Have basic testing complete of erasing application/main code, flashing
data, and reading it back for verification.
This ended up being pretty big task to get working. Some previous
efforts helped out quite a bit though. The first thing needed was a
path out of the main application and this was done in bootload.c by
calling PREP_FWUPDATE. That jumps to the fwupdate area (first 2KByte)
of flash.
There the 'fwupate main' takes over. It updates the usbFunction
Setup/Write ram function pointers to fwupdate's own setup function.
Then it must hijack the processor's execution so once the PREP_UPDATE
exception is complete the processor returns to the fwupdater instead of
the main. This is done by snooping back through the stack and finding
the stack frame keying off of xPSR and valid PC address. It then stomps
the PC & LR in the stack frame to steal execution from the main thread.
After that, all usb transfers are handled by the fwupdater.
Able to get buy without the write so far since setup packets provide
data but are also IN transfers to give path for sending data back to
host. So to keep things small and simple this is all that's handled so
far. Once I get tired of it being so slow I can implement the
usbFunctionWrite and speed things up quite a bit. Haven't actually
timed it yet, but for only 20KByte of data it and not being very
frequent it shouldn't be a big deal. The more I say this the more I'm
thinking I'll add that next because I'll be using it myself so much for
development.. Less time in that state is less likely for ppl to
'semi-brick' their device.
There is of course always the stmicro dfuse demo that can always unbrick
the device. I tried really hard to jump to their bootloader but no
matter what I did I couldn't get it working. It was never recognized by
USB. I half way wonder now if I needed to disable the bootpin which I
never would want to do anyway..
Created separate build_stm folders for INL6 & INL_NES which is what all
the NESmaker kits use. Also update the make files to be more accurate
about what chip their using since fwupdate tries to prevent a hardfault
from flash access beyond what's available.
This update doesn't include a means of updating the first 2KByte of
firmware updater space itself. But the application code should be able
to take care of that for us in a future update. It's only 2KByte so
just temporarily storing the fresh build in SRAM will probably work.
Although will have to be careful about any calls from application code
to fwupdater. Plus there's always dfuse..
Other problem I ran into was erasing the application code. It worked
fine early on for all 30KByte. But as my fwupdater function grew it
crashed when page 18 was erased. Realized my bigger switch/case
statement was calling a gcc library function that resided in the
application code. It was only 50Bytes, so moved it to fwupdate section.
Brought 2 of similar library functions over as well, but one of them
disappeared with update to latest version of arm-none-eabi-gcc.
Not a commit really, but this is the release where I updated gcc. Was
previously:
gcc version 6.2.1 20161205 (release)
[ARM/embedded-6-branch revision 243739]
is now:
gcc version 7.3.1 20180622 (release) [ARM/embedded-7-branch revision
261907] (GNU Tools for Arm Embedded Processors 7-2018-q2-update)

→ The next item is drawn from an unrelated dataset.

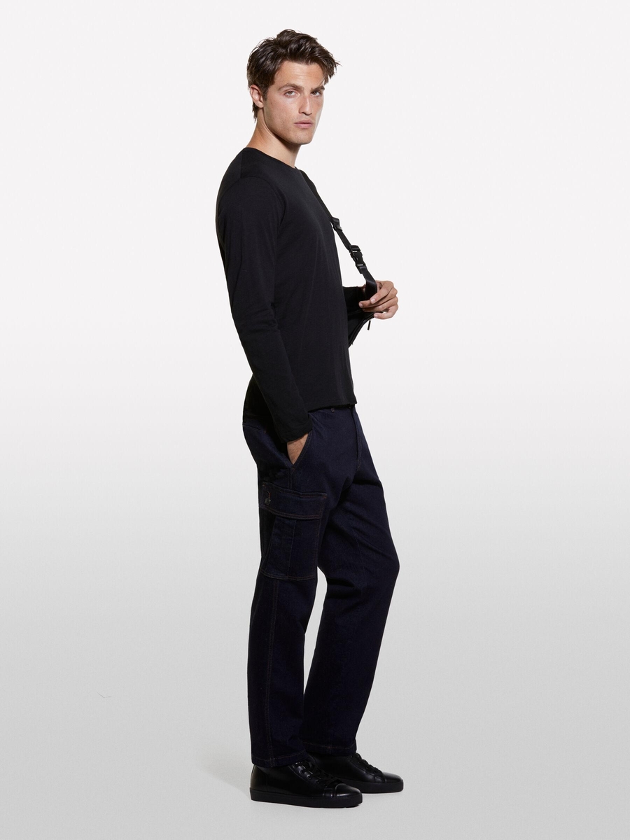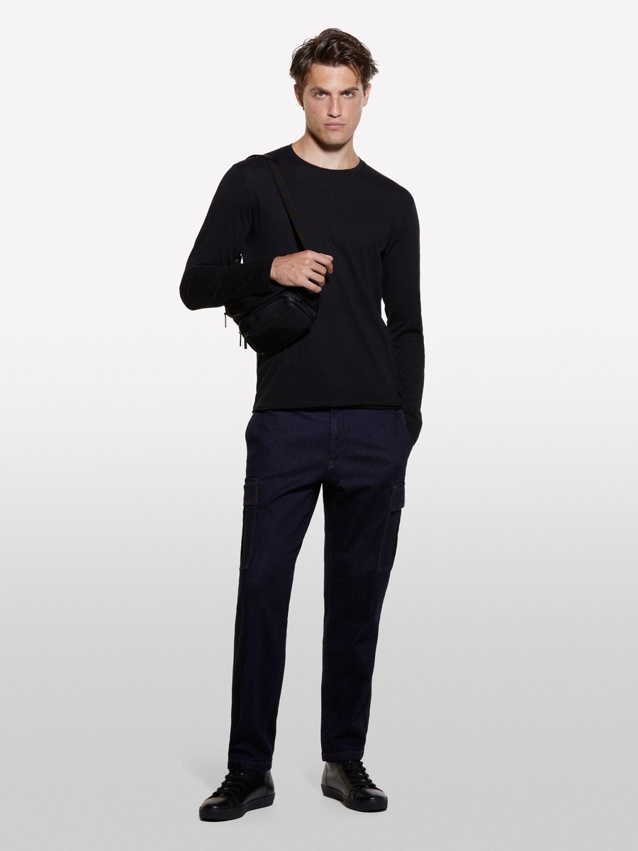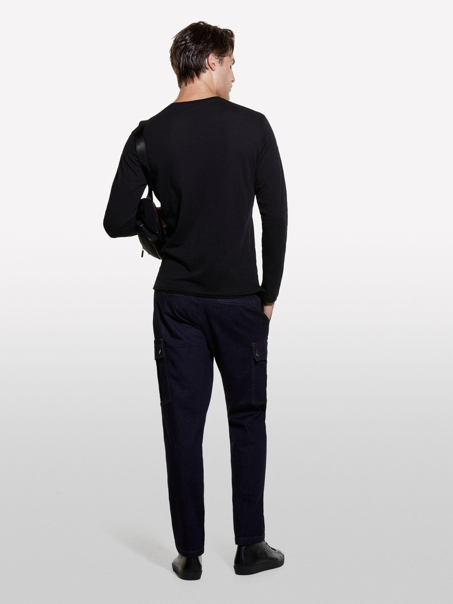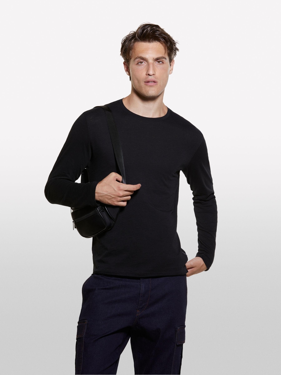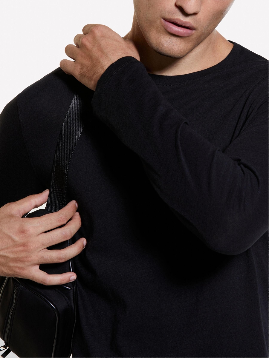 %100 Pamuk Dar Kesim Bisiklet Yaka Uzun Kollu T-Shirt Erkek Siyah T-Shirt - 324A3WF0S1013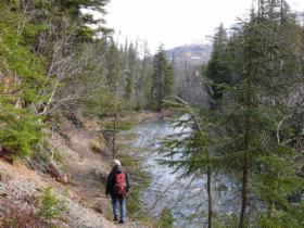 Im Schatten von schneebedeckten Bergen geht es entlang des Ptarmigan Creek richtig hoch in die Berge - eine sehr schöne Wanderung.

Updating gcc provided a smaller build size of ~250 Bytes from the tail
end. But it also freed up ~50Bytes in fwupdate space as well.
with large number of updates to the linker script (nokeep.ld)

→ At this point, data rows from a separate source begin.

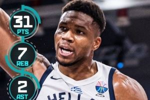 此役,希腊球星字母哥出战29分02秒,投篮20中14,罚球4中3,砍下31分7板2助1断,另有5次失误,正负值-3。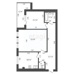 Планировка практичная и комфортная — изолированные комнаты (21 м² и 12 м²), панорамные окна, просторный холл, два санузла (раздельный санузел в прихожей и совмещенный в спальной зоне). Просторная кухня 10.9 м² правильной формы.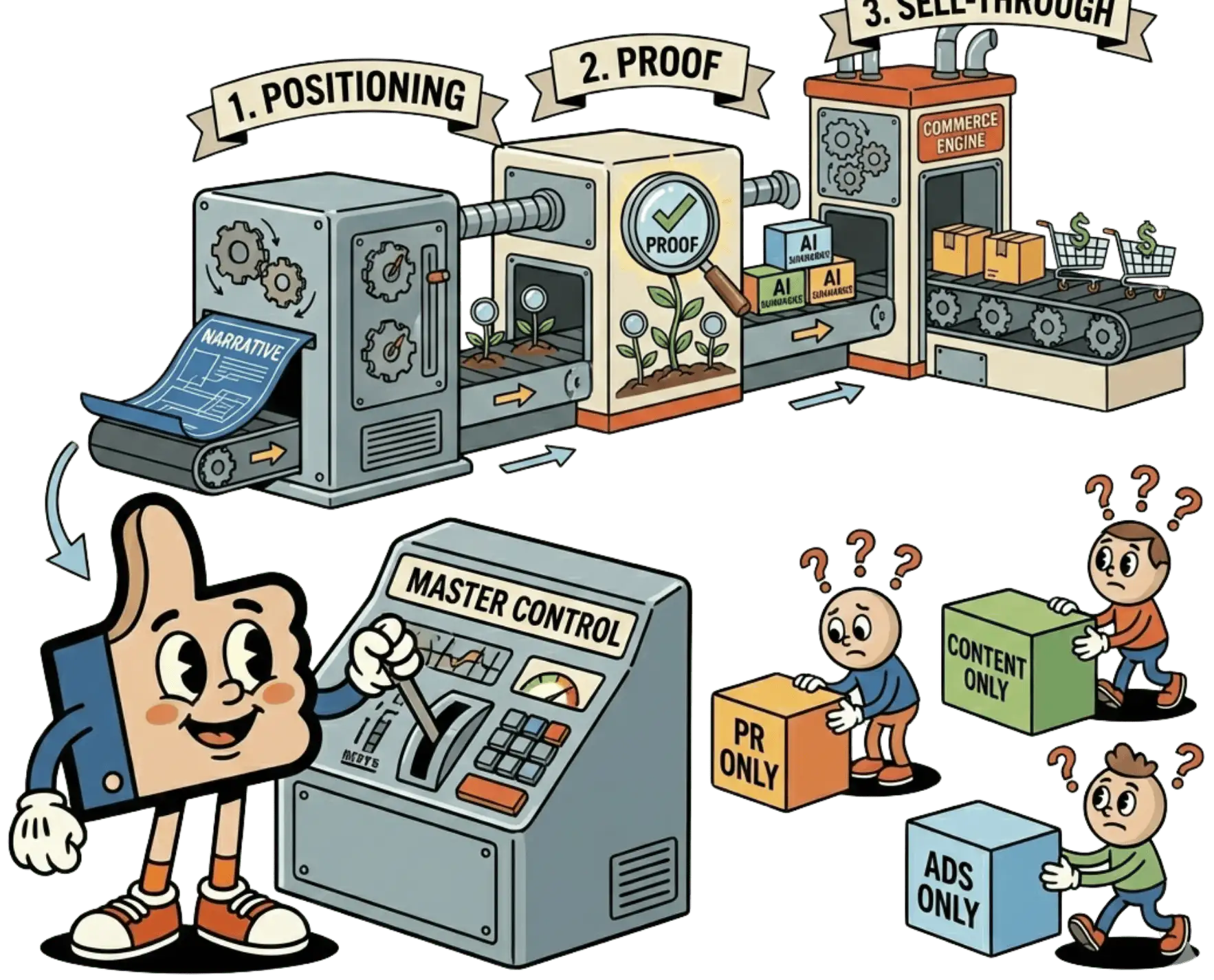 Most agencies specialise in one lever. PR agencies will tell you that you need PR first. Social agencies will say “more content!”. Media agencies will say “more ads!”

The first 2KByte is dedicated for vector table, usb driver, usb desc
tables, hardfault, dummy handler, and firmware update routines. There
is currently ~700Bytes of free space in that first 2KB. Should be
plenty of space for firmware update routines and other advanced future
features.
The 070RB has 2KByte pages, and 070C6 has 1KB pages, which is the
smallest erase granularity size. So we can't really have anything
smaller than 2KByte on the RB. This leaves 30Kbyte for the
main/application code on the C6 which should be more than enough.

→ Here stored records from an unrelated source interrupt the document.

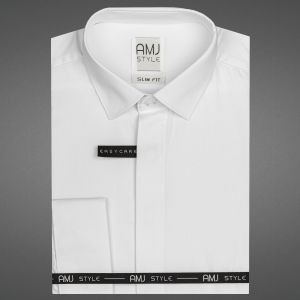 - Pánská košile AMJ na manžetové knoflíčky, bílá JDSA018MK, dlouhý rukáv, slim fitOd 976 Kč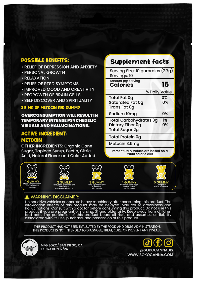 SōKO Blueberry Lemonade Magic Mushroom Gummies represent the most powerful and effective lab-tested Metocin brand available. Free of THC, amanita, and other illegal chemicals, these gummies are crafted to elevate your psychedelic experience with unmatched quality.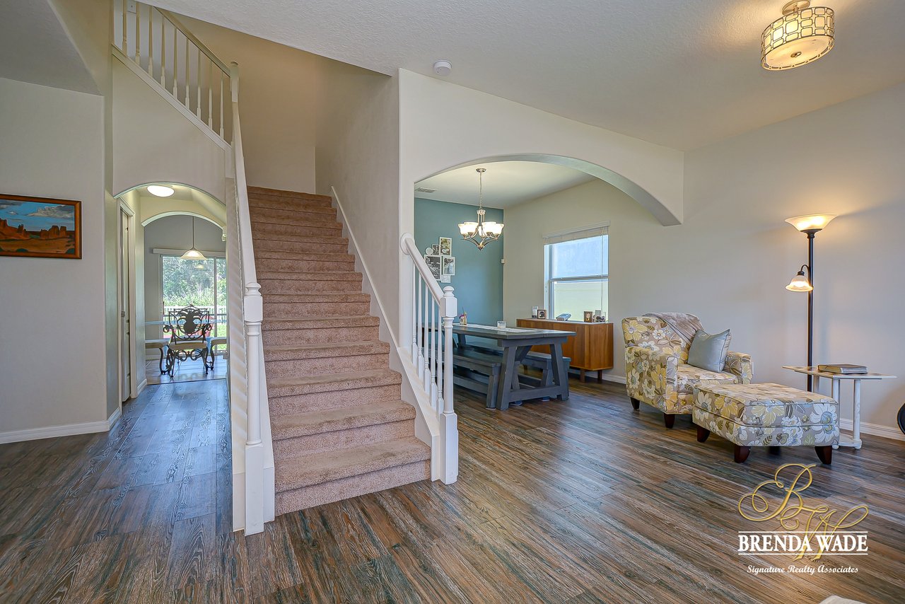 It is with great pleasure we welcome you to this unforgettable family home in the prestigious community of Hawks Point! This gated community is the perfect place to call home in the heart of the Southshore area, just minutes off the Interstate and zoned for Great schools! A grand elevation is captivating and draws you in from the moment you set your eyes on the home! If you have been searching for privacy, you will certainly find it here on this Marvelous oversized lot backing up to conservation! Step inside and take a tour of this grand design! Convenient combination living and dining rooms await you with rich flooring spanning throughout the entire first floor! Bright neutral paint is ready to welcome all your furnishings and décor! Moving forward you are going to fall in Love with the kitchen! Tons of cabinet storage, functional center island, granite counters, stainless appliances and an inviting eat-in breakfast nook space featuring sliders to the lanai! The family room also boasts another wall of sliders leading out to the lanai! Sweet memories are sure to be made in this open space! Ascend up the stairs and discover the Perfect family layout! An enormous master suite awaits you with a spa-like en-suite offering a Huge walk-in closet, soaking garden tub, his and her sinks and walk-in shower! Three more bedrooms and a second full bathroom are also upstairs, one of the bedrooms offers a double door entry, perfect for a home office, media room or a wonderful playroom for the kids! Enjoy the convenient laundry room that is upstairs with all the bedrooms! A screened and covered lanai space is the perfect place to kick your feet up after a long day and overlooks a lush backyard and wooded views! You can’t beat this oasis! Community amenities include a clubhouse, huge swimming pool and lovely park and playground! Don’t wait! This house is waiting to become your Home!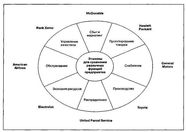 2.5. Бенчмаркинг как функция маркетинговых исследований 137 Одним из результатов успешных проектов бенчмаркинга является формирование функциональных бенчмаркинговых сетей и ассоциаций. Бенчмаркинговые сети формируются за счет поддержания постоянных контактов с партнерами по бенчмаркин-гу с целью отслеживания информации об эволюции применяемых методов работы. Известно, что полезность информации теряется со временем. После сбора некоторой совокупности фактов лицо, принимающее решения, должно воспользоваться этой информацией в течение ограниченного периода времени. Поэтому документальные источники и лица, к которым обращались при сборе бепчмар-кинговой информации, следует рассматривать как потенциально долгосрочные ресурсы. Эти источники, периодически предоставляющие полезную и надежную информацию, могут стать частью бенчмаркинговой сети. Бенчмаркинговая сеть сокращает число необходимых бенчмаркинговых контактов, оставляя наиболее надежные и «безотказные». За счет этого снижаются затраты времени на поиск информации и облегчается старт бенчмаркинговой деятельности. Бенчмаркинговая сеть является динамичным, а не статичным ресурсом. Она развивается по мере того, как со временем и в связи с началом новых проектов меняются потребности фирмы в бенчмаркинговой информации. В принципе, целью каждой компании, инициирующей бенчмаркинг, должно быть создание собственной сети бенчмаркинговой информации. Но такие сети формируются постепенно, после ряда успешных бенчмаркинговых проектов. Многие всемирно известные компании к настоящему моменту провели уже достаточное количество бенчмаркинговых исследований, чтобы положить начало формированию бенчмаркинговой сети. Например, IBM проводит многочисленные проекты бенчмаркинга как с предприятиями, которые ищут контакта с IBM. так и самостоятельно инициированный. У другого производителя компьютеров Digital уже к 1992 г. количество проведенных бенчмаркинговых проектов оценивалось на уровне двухсот. Концерн Ericsson, чьи филиалы расположены по всему миру, создал внутреннюю сеть обмена информацией, в рамках которой проводились сравнения затрат времени на производство продукции и производительности важнейших хозяйственных процессов. Одно из крупнейших шведских производственных предприятий составило перечень партнеров, достойных подражания, для бенчмаркинговой деятельности, представленный на рис. 2.18. Бенчмаркинговые сети могут также оформляться в виде консорциумов. Например, «Telecommunications Benchmarking Consortium» — это группа из 18 корпораций, принадлежащих телекоммуникационной отрасли. Туда входят, в частности, AT&T, Bell Atlantic, NYNEX, MCI, GTE. «Sematech» — консорциум 14 американских производителей полупроводников, включающий такие компании, как DEC, Hewlett-Packard, Intel, IBM, Motorola, Texas Instruments. В рамках этого консорциума компании обменялись огромным количеством информации о методах всеобщего управления качеством. Бенчмаркинговые консорциумы могут строиться не только по отраслевому, но и по функциональному признаку. Например, «Financial Quality Network» — функциональная сеть, состоящая из специалистов финансовых отделов таких компаний, как Federal Express, Caterpillar, Xerox, Westinghouse, DEC и Du Pont.

That 30KByte starts with the reset handler fixed to 0x0800_0800 because
we don't want to have to update the vector table.
After the reset handler is the usbFunctionWrite, then Setup routines
which the usb driver calls for incoming/outgoing data. These need to be
in first 64KByte of flash as a 16bit pointer is kept in usb_buff RAM.
Write was put first as it's less likely to change, with Setup following
which is quite large due to all the inlining that's happening inside it
thanks to the compiler.
Perhaps these function locations could be kept at a fixed location. Or
we could make a 'vector table' of our own just before the reset handler.
This may speed things up a bit, but for now it works. Also like the
ability to change these pointers which may be useful for the next update
as the firmware update code will effectively need it's own Setup/Write
functions. So the current pointers can just be updated to call them
instead, and restore originals/new ones through reset.?
This leaves 96KByte of unused flash on the 070RB, don't have any plans
for this yet. Perhaps future updates for all the connectors and
features will require it.
Also added definition for fast ram functions to .data section. Got that
working but not sure when it may be needed..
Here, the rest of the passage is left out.